• Aim of the exercise: Only the lines below from the one containing "Lines: data, pythia8 8.308 ropes |" to the one containing "干支の11番目の戌(イヌ)は" should be repeated, both included and unchanged.

• Records to process:

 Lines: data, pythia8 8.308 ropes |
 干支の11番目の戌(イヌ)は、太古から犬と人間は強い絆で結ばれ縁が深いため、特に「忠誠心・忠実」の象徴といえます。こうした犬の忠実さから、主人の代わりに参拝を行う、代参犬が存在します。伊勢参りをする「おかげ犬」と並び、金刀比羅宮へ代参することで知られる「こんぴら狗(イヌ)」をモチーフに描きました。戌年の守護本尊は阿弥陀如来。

...

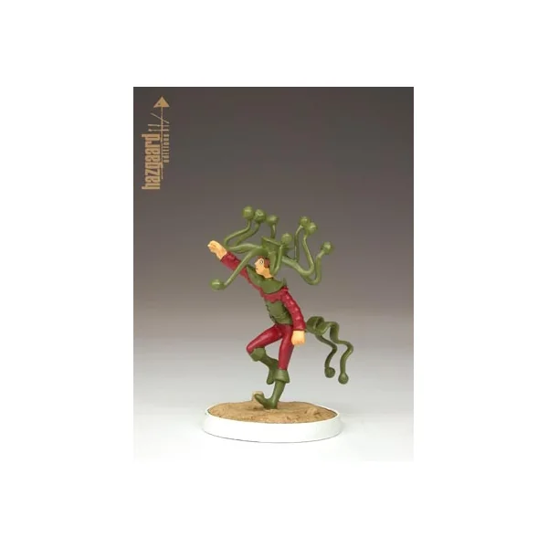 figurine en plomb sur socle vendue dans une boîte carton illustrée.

==

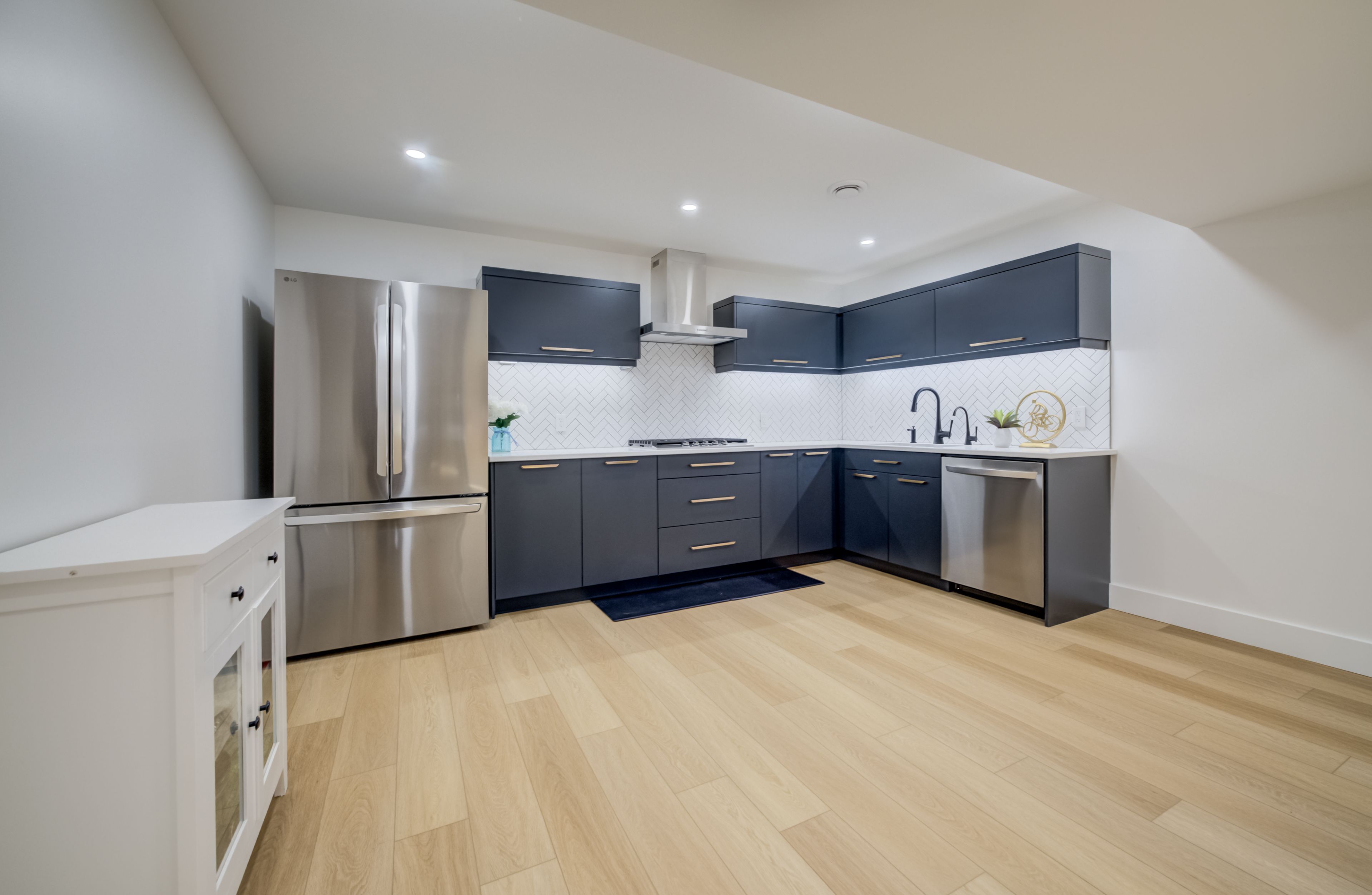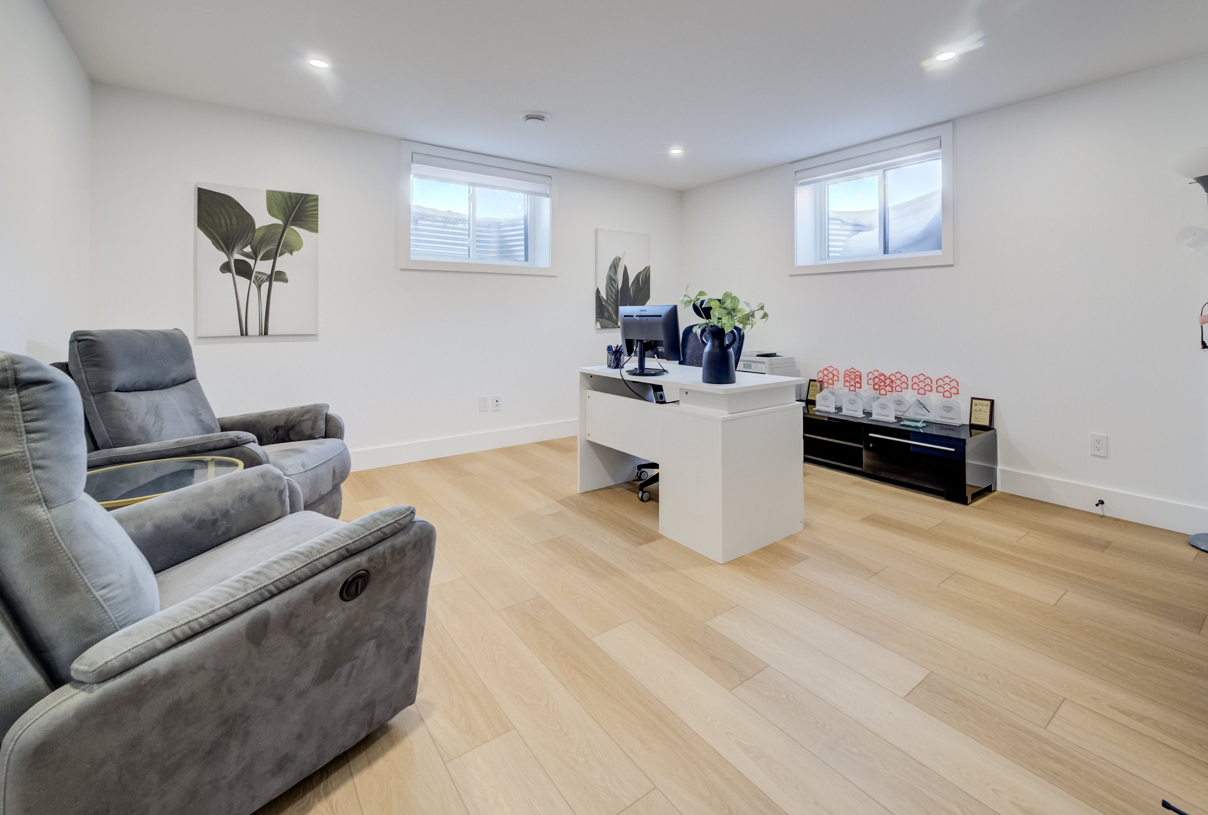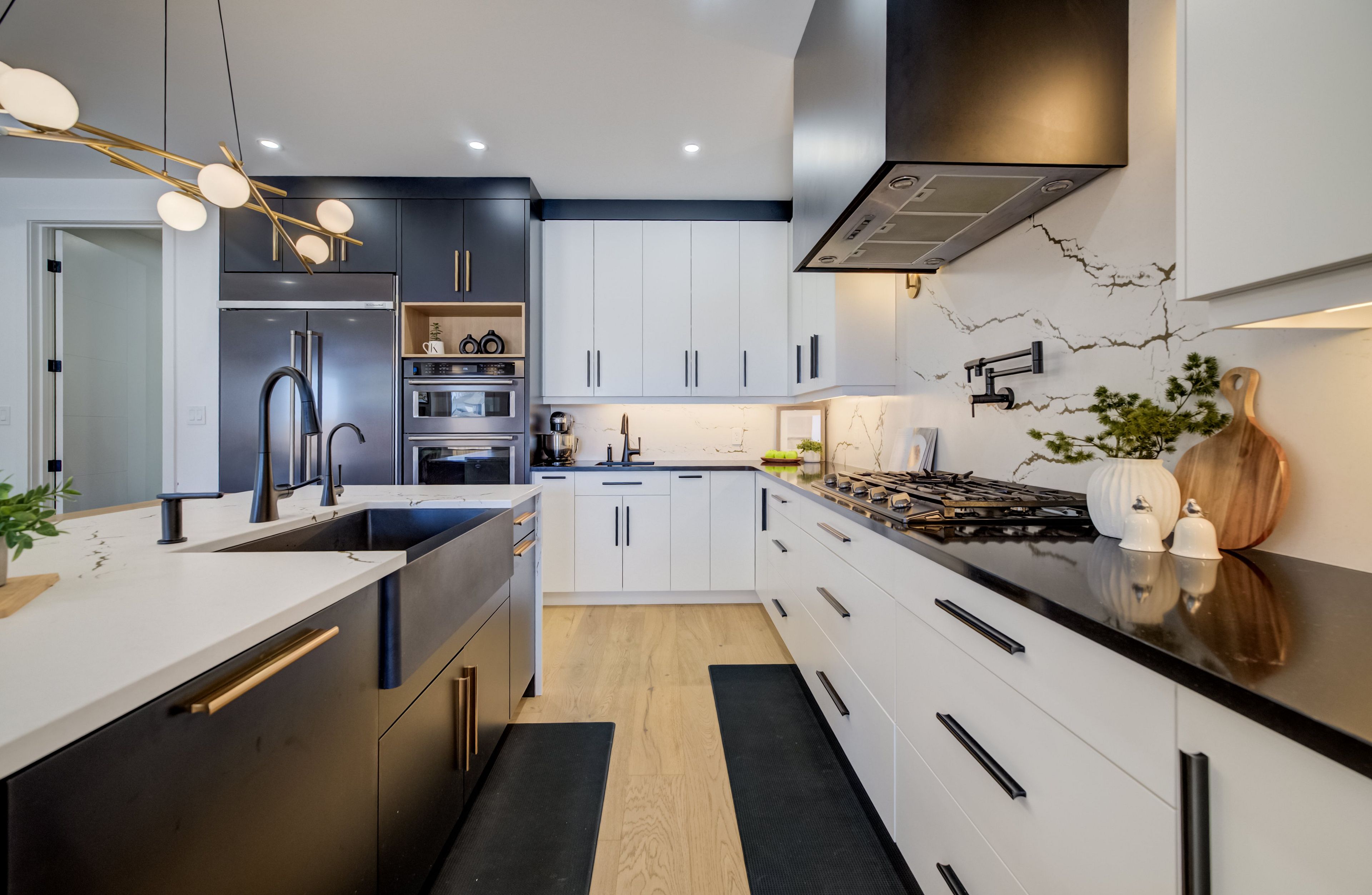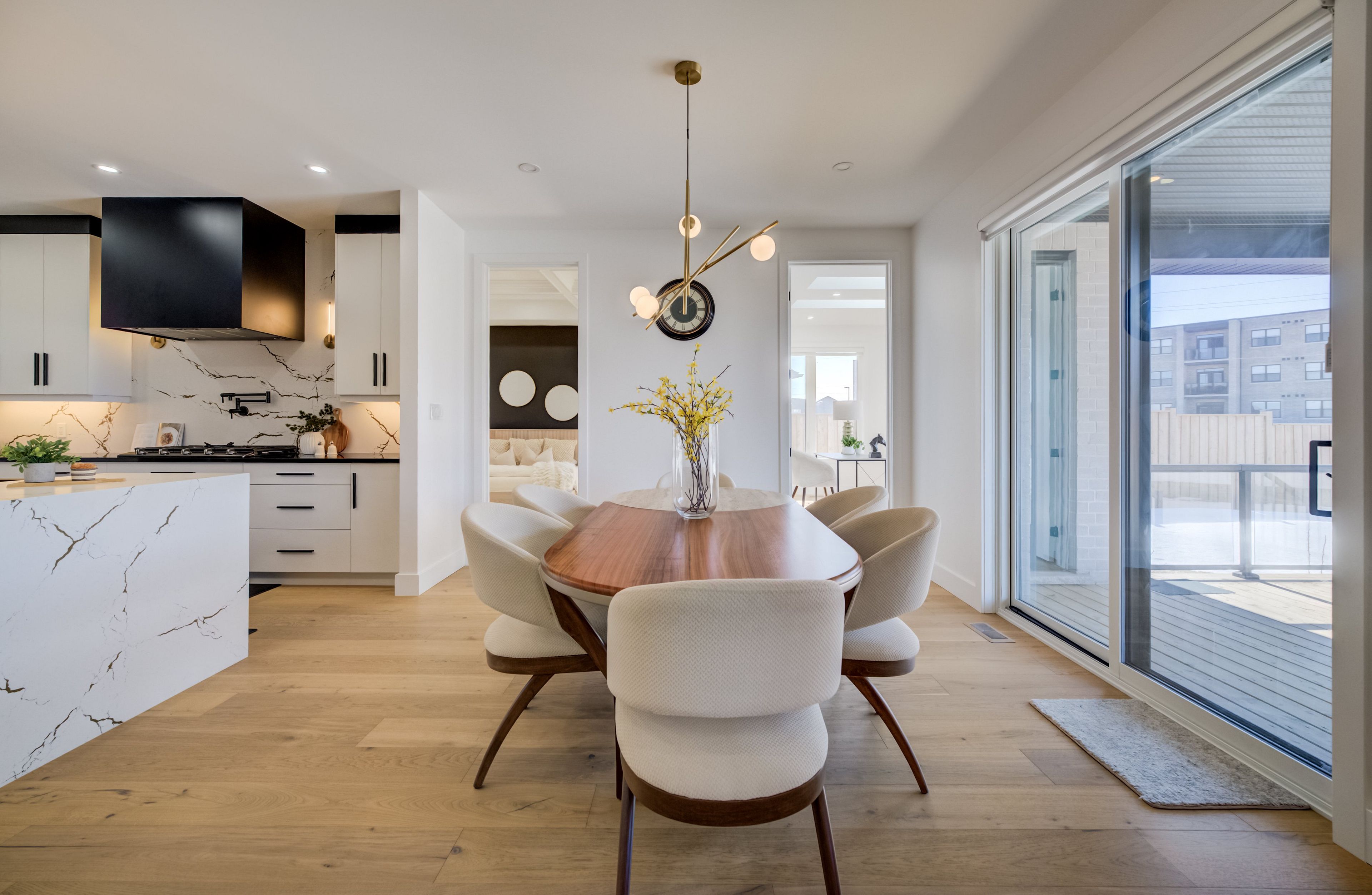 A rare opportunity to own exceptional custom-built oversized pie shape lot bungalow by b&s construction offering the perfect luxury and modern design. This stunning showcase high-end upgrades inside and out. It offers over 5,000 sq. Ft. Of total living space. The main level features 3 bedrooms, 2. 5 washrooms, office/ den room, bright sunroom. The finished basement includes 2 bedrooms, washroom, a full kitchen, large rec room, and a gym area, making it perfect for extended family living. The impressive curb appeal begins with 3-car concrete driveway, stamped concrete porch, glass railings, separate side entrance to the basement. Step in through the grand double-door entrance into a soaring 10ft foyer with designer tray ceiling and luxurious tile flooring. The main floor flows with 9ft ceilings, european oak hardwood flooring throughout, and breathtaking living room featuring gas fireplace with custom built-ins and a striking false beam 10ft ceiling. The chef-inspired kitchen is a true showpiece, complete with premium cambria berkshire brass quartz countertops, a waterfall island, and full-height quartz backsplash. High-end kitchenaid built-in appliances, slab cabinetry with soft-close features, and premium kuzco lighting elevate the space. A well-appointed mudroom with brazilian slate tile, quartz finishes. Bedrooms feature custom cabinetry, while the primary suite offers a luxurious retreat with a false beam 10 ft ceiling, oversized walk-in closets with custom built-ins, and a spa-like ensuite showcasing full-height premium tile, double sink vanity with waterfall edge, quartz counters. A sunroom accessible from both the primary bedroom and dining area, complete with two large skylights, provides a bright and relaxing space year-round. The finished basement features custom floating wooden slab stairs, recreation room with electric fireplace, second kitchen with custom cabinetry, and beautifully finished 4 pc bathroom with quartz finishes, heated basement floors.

• Result for this task:
 Lines: data, pythia8 8.308 ropes |
 干支の11番目の戌(イヌ)は、太古から犬と人間は強い絆で結ばれ縁が深いため、特に「忠誠心・忠実」の象徴といえます。こうした犬の忠実さから、主人の代わりに参拝を行う、代参犬が存在します。伊勢参りをする「おかげ犬」と並び、金刀比羅宮へ代参することで知られる「こんぴら狗(イヌ)」をモチーフに描きました。戌年の守護本尊は阿弥陀如来。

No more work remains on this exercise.